Explanation. -For the removal of doubts, it is hereby declared that the reason to suspect, as recorded by the income-tax authority under this sub-section, shall not be disclosed to any person or any authority or the Appellate Tribunal.
(2) The authorised officer may requisition the services of, -
(i) any police officer or of any officer of the Central Government, or of both; or (ii) any person or entity as may be approved by the Principal Chief Commissioner or the Chief Commissioner or the Principal Director General or the Director General, in accordance with the procedure, as may be prescribed, in this regard, to assist him for all or any of the purposes specified in sub-section (1) or sub-section (1A) and it shall be the duty of every such officer or person or entity to comply with such requisition.

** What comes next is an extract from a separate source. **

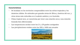 La sabana se localiza entre las selvas tropicales y los desiertos cálidos en África, América del Sur y partes de Asia y Australia. Tiene un clima tropical seco con una estación seca y húmeda bien diferenciadas, con temperaturas entre 21-29°C y precipitaciones de 500-1600 mm anuales. Está compuesta principalmente por praderas de hierbas y gramíneas, así como arbustos y árboles dispersos de menos de 10 metros. Su fauna prominente incluye grandes herbívoros como cebras, elefantes
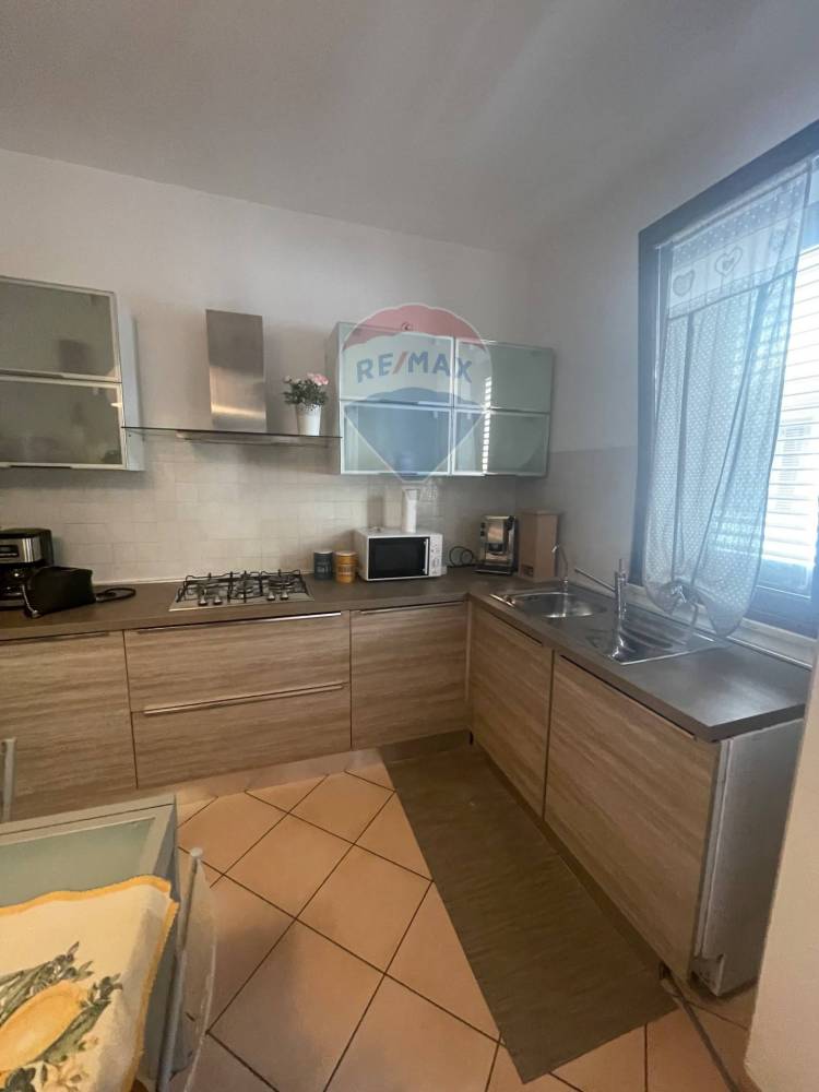 La casa è parzialmente arredata in modo elegante e funzionale, con una cucina completa di tutti gli elettrodomestici necessari.

(3) The authorised officer may, where it is not practicable to seize any such books of account, other documents, money, bullion, jewellery or other valuable article or thing, for reasons other than those mentioned in the second proviso to sub-section (1), serve an order on the owner or the person who is in immediate possession or control thereof that he shall not remove, part with or otherwise deal with it except with the previous permission of such officer and such officer may take such steps as may be necessary for ensuring compliance with this sub-section.
Explanation. -For the removal of doubts, it is hereby declared that serving of an order as aforesaid under this sub-section shall not be deemed to be seizure of such books of account, other documents, money, bullion, jewellery or other valuable article or thing under clause (iii) of sub-section (1).
(4) The authorised officer may, during the course of the search or seizure, examine on oath any person who is found to be in possession or control of any books of account, documents, money, bullion, jewellery or other valuable article or thing and any statement made by such person during such examination may thereafter be used in evidence in any proceeding under the Indian Income-tax Act, 1922 (11 of 1922), or under this Act.
Explanation.-For the removal of doubts, it is hereby declared that the examination of any person under this sub-section may be not merely in respect of any books of account, other documents or assets found as a result of the search, but also in respect of all matters relevant for the purposes of any investigation connected with any proceeding under the Indian
Income-tax Act, 1922 (11 of 1922), or under this Act.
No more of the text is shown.